5. How It Works Internally

Lifecycle of a Pod Creation: 1. User: kubectl apply -f pod.yaml -> API Server. 2. API Server: Validates and writes to etcd. Returns "Created". 3. Scheduler: Watches API Server. Sees "Pending Pod". Filter nodes (Resource/Taints). Scores nodes. Assigns Pod to Node 1. Update API Server. 4. Kubelet (Node 1): Watches API Server. Sees "Pod assigned to me". 5. Kubelet: - Calls CNI Plugin (Allocate IP). - Calls CRI (Container Runtime Interface) -> (containerd/Docker) to pull image and start container. 6. Kubelet: Updates API Server: "Pod is Running". 7. Kube-Proxy: Updates iptables rules on all nodes to route traffic to the new Pod IP.

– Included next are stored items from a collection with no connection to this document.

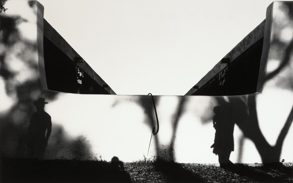 Ray Metzker’s Composites series, begun in 1964, connected in a dramatic fashion his interests in contrasts of light and shadow, his strong sense of design, and his earlier explorations of the multiple image. Metzker studied at Chicago’s Institute of Design, where a rigorously formal, problem-solving approach to photography was taught. For this series he assembled grids of individual photographs to create complex image-fields. When viewed from a distance, this work reads as an abstract, rhythmic pattern of light and dark. On closer inspection, however, many crisply descriptive images are revealed. The Composites function somewhat like short filmstrips. The mystery of these brief narratives is exaggerated by the repetitive design and provides a unique opportunity, in Metzker’s words, “to deal with complexity of succession and simultaneity, of collected and related moments.”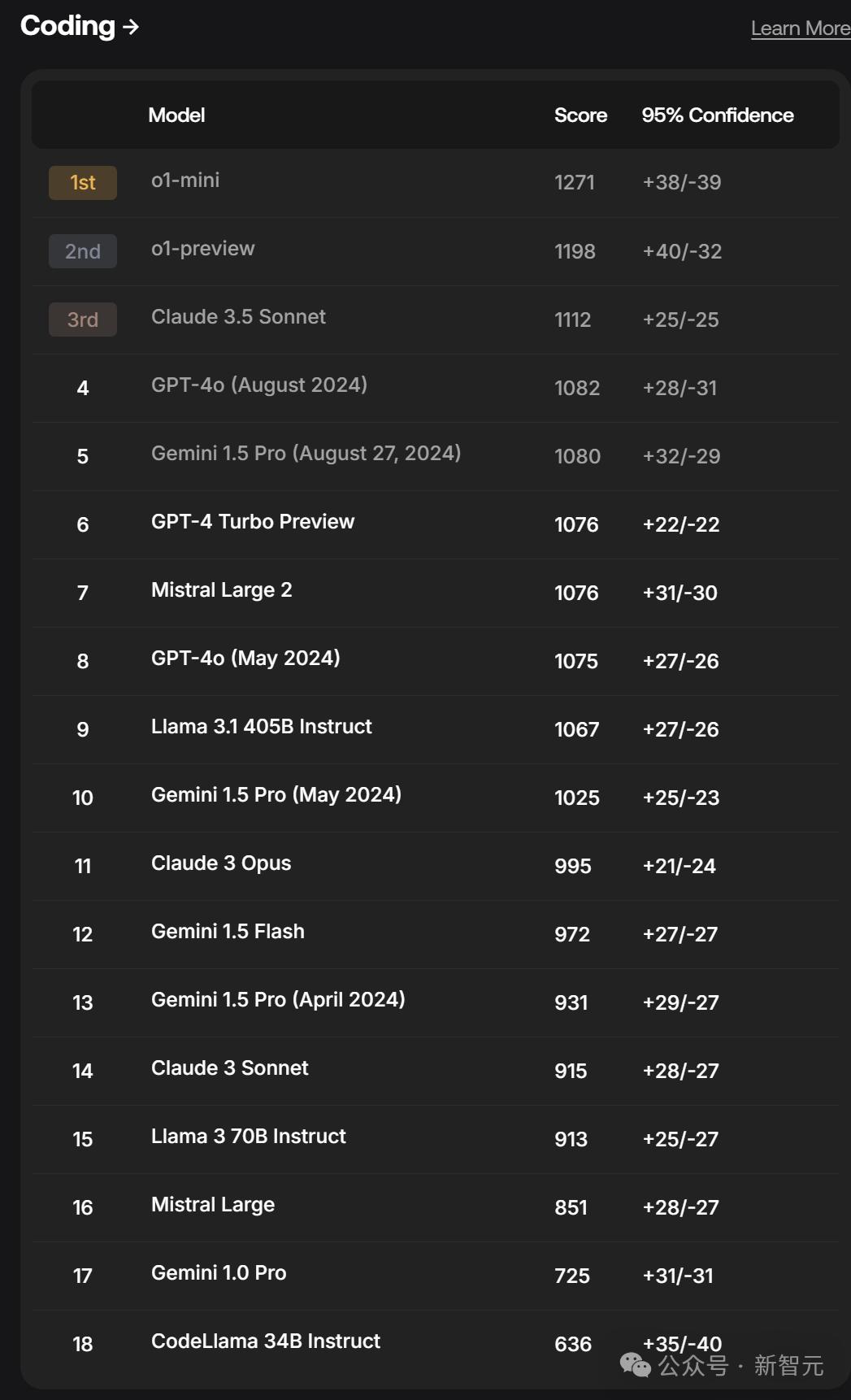 在工具使用和指令跟随方面,o1-preview表现出色。而在编程能力方面,o1-mini夺得榜首,o1-preview紧随其后位居第二。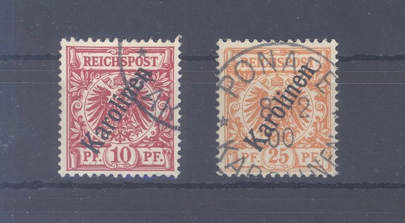 Deutsche Kolonien Karolinen Michel Nummer 3 II b und 5 II b aus Freimarken 1900 gestempelt. Beide Werte sind, geprüft BPP.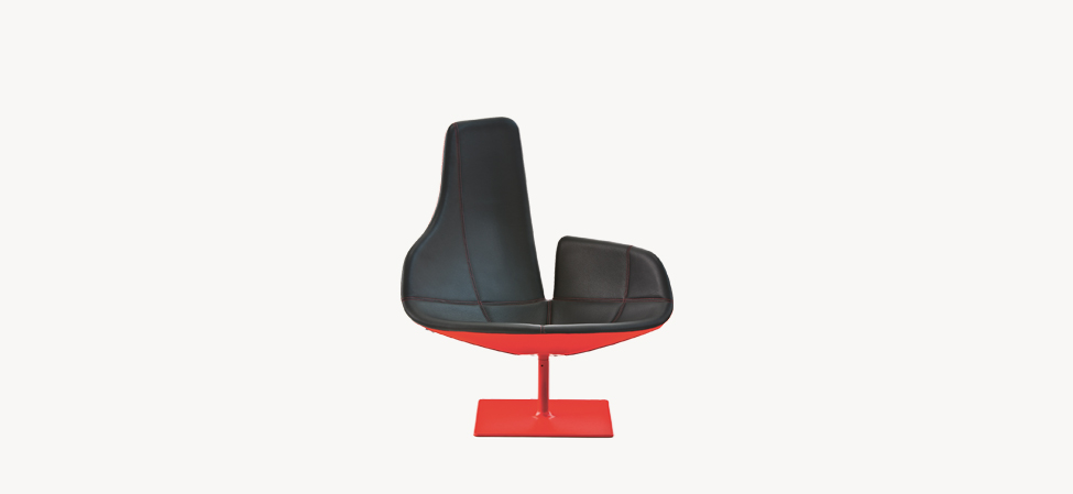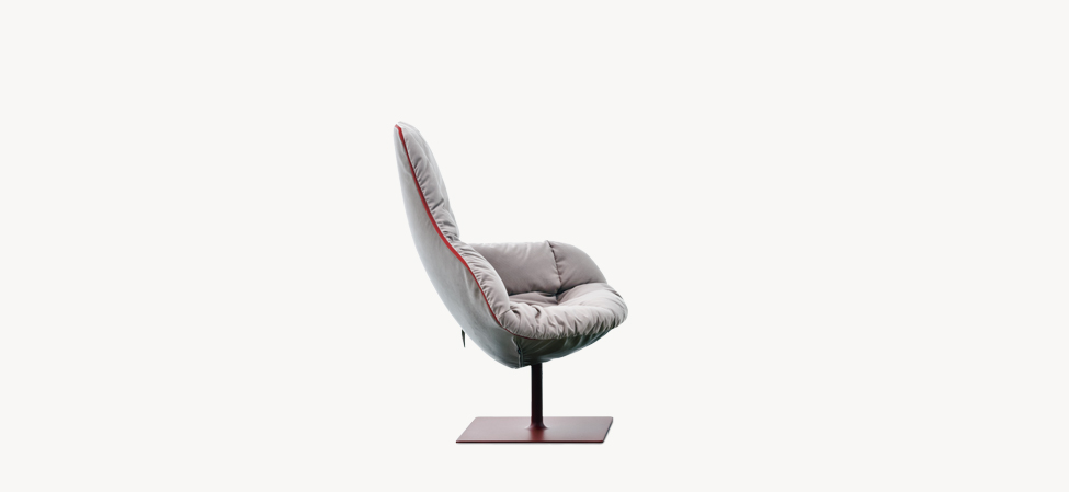 Poltrona girevole in espanso schiumato a freddo ignifugo con struttura interna in acciaio. Base quadrata in acciaio verniciato a polveri. Disponibile con rivestimento fisso (cod. 03K) o predisposta (cod. 03G) per l’aggiunta di trapunta in cotton gel (cod. 340).

6. Command Reference (Very Important)

Get & Inspect

  • kubectl get pods -o wide: Show Pods + IP lines + Node location.
  • kubectl describe pod my-pod: The Debugging Gold. Shows events (ImagePullBackOff, FailedScheduling, OOMKilled).
  • kubectl get all: Show everything in current namespace.

Interaction

  • kubectl logs -f my-pod: Tail logs. If multi-container: -c container-name.
  • kubectl exec -it my-pod -- /bin/sh: Shell into pod.
  • kubectl port-forward svc/my-service 8080:80: Forward local port 8080 to Cluster Service port 80. (Access internal apps without Ingress).

Troubleshooting Nodes

  • kubectl top nodes: Show CPU/RAM usage.
  • kubectl get events --sort-by='.lastTimestamp': Show cluster-wide error events.

Apply & Updates

  • kubectl apply -f manifest.yaml: Best practice. Declarative update.
  • kubectl rollout restart deployment/my-app: Force a restart (new pods) without changing YAML.
  • kubectl scale deployment/my-app --replicas=5: Imperative scaling (Will be overwritten by HPA/GitOps).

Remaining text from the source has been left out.